ABD makamları, 30 Eylül’de sona eren mali yılda ABD-Meksika sınırında 2 milyondan fazla göçmenin gözaltına alındığını kaydetti ve bu bir rekor.
Biden, Mexico City’ye gelmeden günler önce, yönetimi, Meksika’nın onayını almış gibi görünen, göçmenlik politikasında tartışmalı bir değişikliği duyurdu.
Son yıllarda, Meksika, Orta Amerika ve başka yerlerden yüzbinlerce göçmen, Trump tarafından başvurulan bir halk sağlığı kuralı olan Başlık 42 kapsamında hızla sınır dışı edilirken bile, Küba, Nikaragua, Venezuela ve diğer bazı ülkelerden gelen göçmenlerin girişine genellikle izin verildi. ABD ve iltica duruşmalarını takip edin. Bunun nedeni, kısmen, yetkililerin büyük ölçekli geri dönüşleri koordine edemeyecek kadar kendi ülkelerinin çok istikrarsız veya Washington’la siyasi olarak çok anlaşmazlık içinde olması ve kısmen de sınırdaki Meksikalı yetkililerin, Birleşik Devletler’de alıkonulduktan sonra bu ülkelerden geri dönenleri kabul etmeyi reddetmesidir.
Ekim ayında Venezüellalı göçmenlerin sayısı artarken, ABD ve Meksikalı yetkililer sınıra izinsiz gelen Venezuelalıların hızla Meksika’ya geri gönderileceğini duyurdu.

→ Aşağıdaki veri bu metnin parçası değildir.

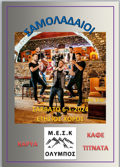 Ο Μορφωτικός Σύλλογος Καρυάς Ελασσόνας σας διοργανώνει τον ετήσιο χορό του που θα γίνει στην Καρυά στο κατάστημα “Τιτνάτα”, στις 6 ιανουαρίου 2024, ανήμερα των Φώτων, με την παραδοσιακή ορχήστρα των Σαμολαδαίων.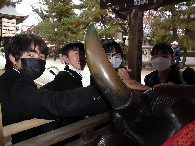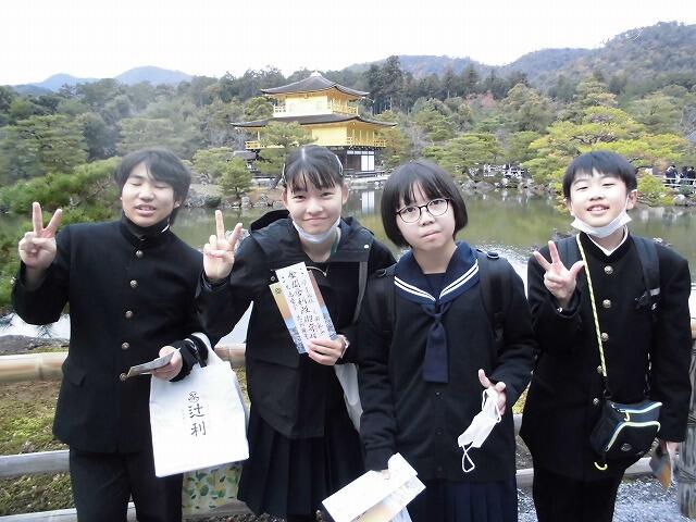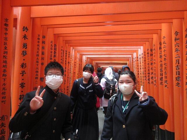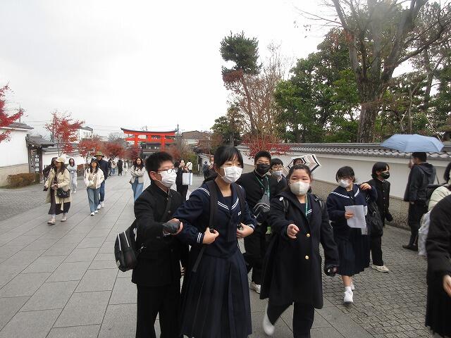 12月8日(月):修学旅行2日目は、フェリーで大阪南港到着後、京都に移動して、班別自主研修を行いました。伏見稲荷大社をスタートして、事前学習で調べた名所を巡って、金閣寺がゴールです。その後、大阪に移動して、ホテルに宿泊しました。

Yeni yönergelere göre sınır dışı etme politikası daha da genişledi: Yetkililer, izinsiz olarak ABD’ye geçen Küba, Nikaragua ve Haiti’den gelen göçmenlerin de sığınma talebinde bulunsalar bile derhal Meksika’ya geri gönderileceğini söylüyor. Meksika, her ay dört ülkeden toplam 30.000’e kadar sürgünü kabul etmeyi kabul etti. López Obrador Pazartesi günü yaptığı açıklamada, Meksika’nın daha fazla sınır dışı edilmiş göçmeni kabul etmeye istekli olabileceğini söyledi.
Göçmen savunucuları, planı, insanların ABD’de sığınma talebinde bulunma temel hakkını reddeden bir insan hakları ihlali olarak kınadılar.
Liderler kendilerini göç ve suçla mücadele konusunda birleşik bir cephe olarak göstermeye çalışsalar da, López Obrador’un milliyetçi enerji politikaları konusunda açıkça anlaşmazlık içindeler.
Meksika cumhurbaşkanı, 2018’de göreve başladığından beri, selefi tarafından 2013’te başlatılan ve enerji sektöründe daha fazla yabancı müdahalesine kapı açan bir anayasal reformu geri almaya çalıştı. ABD ve Kanada, bu çabaların ABD ve Kanada şirketlerine karşı ayrımcılık yaptığını ve Meksika’nın devlet petrol şirketi ile ulusal elektrik kuruluşunu desteklediğini iddia ediyor.
Temmuz ayında ABD ve Kanada, ülkelerin ortak ticaret anlaşması olan ABD-Meksika-Kanada Anlaşması kapsamında Meksika’ya karşı resmi bir şikayette bulundu.
Biden ve López Obrador arasındaki olası bir çekişme noktası, Biden yönetimi için öncelikli bir konu olan, ancak Meksika başkanı tarafından açıkça benimsendiği gibi olmayan iklim değişikliğidir.
López Obrador, kömürlü termik santralleri yeniden faaliyete geçirdi, yeni yenilenebilir enerji projelerini durdurdu, devlete ait bir petrol rafinerisi inşa etmek için milyarlar harcadı ve Meksika’nın elektrik şirketinin, büyük ölçüde ham petrolle beslenen devlet tarafından işletilen santrallerden daha fazla güç almasını gerektirecek yasayı zorladı. kömür.
Rice Üniversitesi’nden Payan, politikalarının, temiz enerjiye tarihi yatırımlar için bastıran ve ulusu ve dünyayı fosil yakıtlardan vazgeçirmeye çalışan Biden’ınkinden daha farklı olamayacağını söyledi.
Payan, “Biden yönetimi iklim değişikliğiyle mücadele konusunda çok kararlı” dedi. “Ve bence Meksika da bunun bir parçası olmalı.”
Washington’daki Times yazarı Tracy Wilkinson ve Mexico City’deki özel muhabir Cecilia Sánchez bu rapora katkıda bulundu.